Risk Management
At Kathir Bank, risk management is more than a compliance measure—it’s a strategic foundation that protects our customers, assets, and future. Our dedicated Risk Management Division ensures that every decision, product, and service is backed by careful analysis and proactive control. By continuously identifying, assessing, and mitigating potential risks—whether financial, operational, or cybersecurity—we aim to uphold trust and resilience across all operations.

Core Areas of Focus:
- Credit Risk – Ensuring borrowers meet obligations through robust credit evaluations.
Market Risk – Managing exposure to currency, interest rate, and market fluctuations.
Operational Risk – Minimizing risks from internal processes, people, and systems.
Liquidity Risk – Ensuring funds are always available to meet our obligations.
Compliance & Regulatory Risk – Adhering to all legal and regulatory requirements.
Cybersecurity Risk – Protecting customer data and digital transactions with state-of-the-art systems.
- Business has extensive experience across the all industries in world. We help our clients set new standards of excellence.
Why It Matters to You:
- Ensures your money is safe and well-managed.
Promotes stable banking services, even during uncertainty.

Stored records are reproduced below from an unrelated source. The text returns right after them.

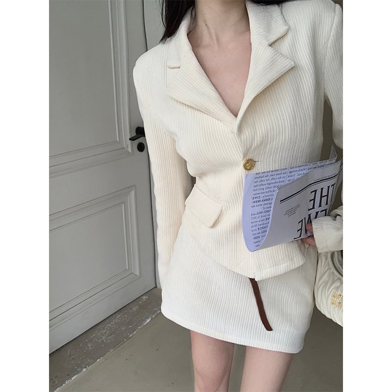 セットアップ ベルト付き 都市ファッション OL/通勤 高品質 長袖 アウター+スカート ベージュ ブラック S M L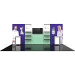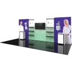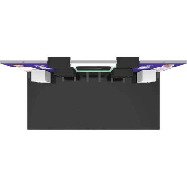 Hybrid Pro™ Modular Kit 31 is a functional, fashionable modular exhibit that will turn heads at your next tradeshow. Kit 31 features five push-fit fabric backwalls. The center wall includes a monitor mount that can hold a medium monitor. Two of the backwalls feature three black shelves to display small products; canopies above include puck lights designed to shine light on products below. The right and left walls are areas for bold graphics and messaging; accent counters offer areas for reception and engagement. This inline modular exhibit has a little bit of everything for the ultimate tradeshow experience!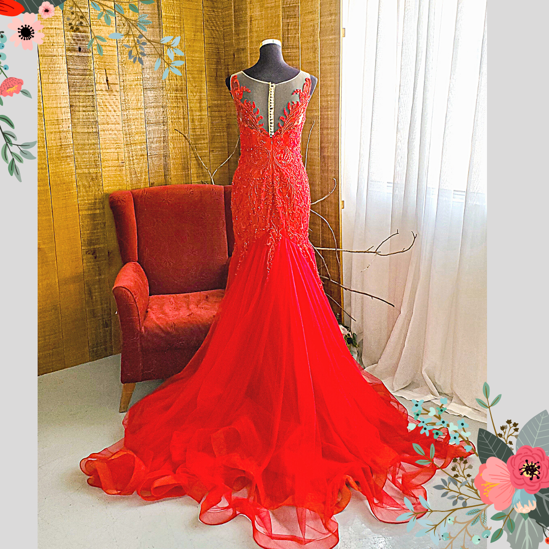 910LLW04 Winona Red Spag strap deep V baroque trumpet a Evening dress rental malaysia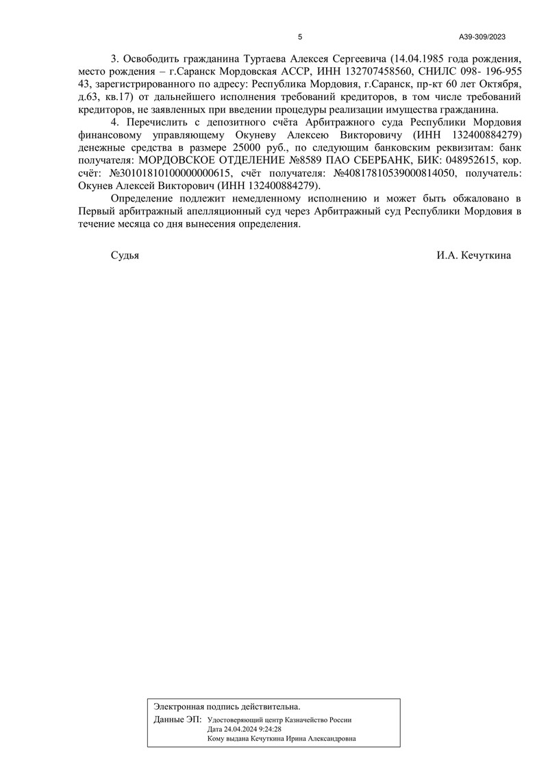Компания "ДОЛГАМ.НЕТ" вновь оправдала доверие своих клиентов! Решение по делу №А39-309/2023 стало итогом профессиональной работы наших специалистов, которые помогли еще одному своему клиенту избавиться от долговых обязательств и начать новую финансовую жизнь.
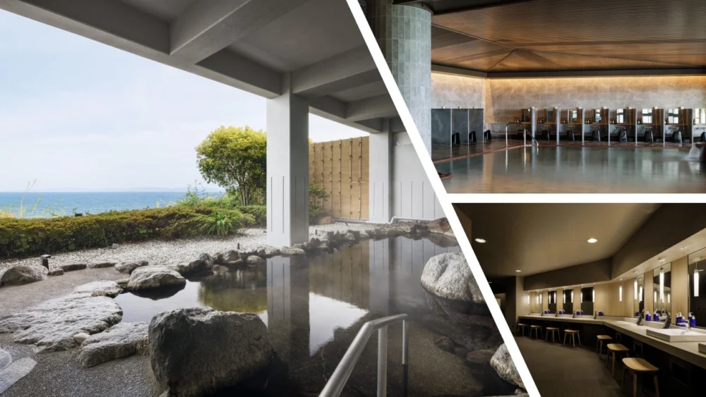 목욕탕에는 내탕, 사우나, 물탕, 온천 노천탕을 완비.

Builds long-term trust and transparency with every client.
Kathir Bank—where strong risk management equals stronger customer confidence.

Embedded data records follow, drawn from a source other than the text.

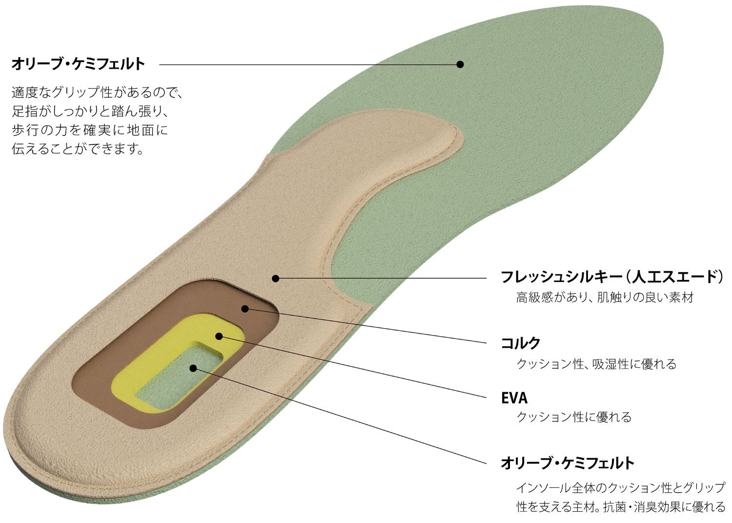 インソールの前方と底面は、程よいクッション性と程よいグリップ性をあわせ持つハイブリッド素材「ケミフェルト(2mm厚)」を使用することにより、足指が靴の中で滑ることなくしっかりと踏ん張り、歩行の力を確実に地面に伝えることができます。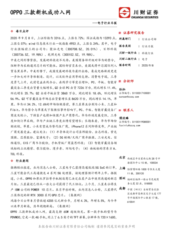 【川财证券】【20200908】电子行业日报:OPPO三款新机成功入网-5页 证券期货研究报告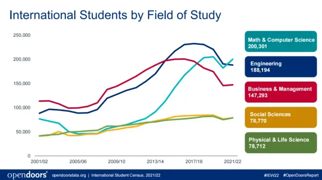 高薪资、未来发展的主流、留美机会等等标签下,无论是“身边即世界”的体感,还是具体的数值都表明,STEM是大热方向。根据美国国际教育学会曾发布的《2022美国门户开放报告》显示,54%的国际生申请了STEM方向的课程。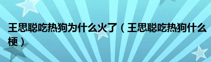 大家好,小知来为大家解答以上问题。王思聪吃热狗为什么火了,王思聪吃热狗什么梗这个很多人还不知道,现在让我们一起来看看吧!

The Risk Management and Compliance Department is the second line of defence for responsible for the management and oversight of the financial risks and non-financial risks.

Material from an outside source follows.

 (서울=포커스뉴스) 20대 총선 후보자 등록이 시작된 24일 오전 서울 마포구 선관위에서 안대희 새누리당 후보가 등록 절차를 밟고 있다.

It Identifies, manages, and reports all financial and non-financial risks faced by all functions. Its primary purpose is promoting awareness of risk management among staff, and establishing a risk-aware culture.


Market risk is the potential for loss of value stemming from adverse changes in market rates or prices. Our exposure to market risk arises principally from the management of the nation’s foreign reserves. We have a market risk framework in place and operate prudently to mitigate market risk, taking into account expected returns, the external environment, and developments in our own balance sheet.